Buttondown s’est imposé au fil des années comme une référence pour les créateurs de contenu, les indépendants et les petites équipes qui cherchent un outil de newsletter simple, épuré et orienté vers l’écriture. Son positionnement minimaliste, sa prise en main rapide et son modèle tarifaire accessible en font un choix cohérent pour démarrer. La Fabrique du Net référence des outils de newsletter et rassemble les avis de leurs utilisateurs. À mesure que l’usage se professionnalise, certains utilisateurs se retrouvent face à des limitations concrètes.

Le marché des outils de newsletter a considérablement évolué. En 2024, on estime que plus de 4 milliards de personnes utilisent l’email dans le monde, et le retour sur investissement moyen du canal email tourne autour de 36 euros pour 1 euro investi selon les benchmarks sectoriels. Dans ce contexte, les exigences des entreprises ont grandi : automatisation avancée, segmentation fine, intégrations natives avec les CRM, conformité RGPD renforcée, outils d’analyse poussés. Autant de fonctionnalités que Buttondown ne couvre pas toujours de manière satisfaisante.

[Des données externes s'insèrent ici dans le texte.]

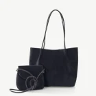 Internal Features: Lined in matching matt PU. An exquisite mini cross body bag with rounded flap closure is inside the larger tote. This bag has matching tubular handles.

Cet article a été rédigé à partir de l’analyse de centaines de logiciels de la catégorie newsletter par La Fabrique du Net. Notre objectif est simple : vous donner une vision claire et honnête de ce que Buttondown fait bien, de ses limites réelles, et surtout des alternatives qui méritent votre attention selon votre profil et vos besoins.

Pourquoi chercher une alternative à Buttondown ?

Buttondown est un outil pensé pour l’essentiel : écrire, envoyer, gérer ses abonnés. C’est à la fois sa force et sa contrainte principale. À mesure que les besoins des utilisateurs évoluent, un profil se dessine clairement : ceux qui quittent Buttondown ne sont pas déçus par ce qu’il fait, mais par ce qu’il ne fait pas.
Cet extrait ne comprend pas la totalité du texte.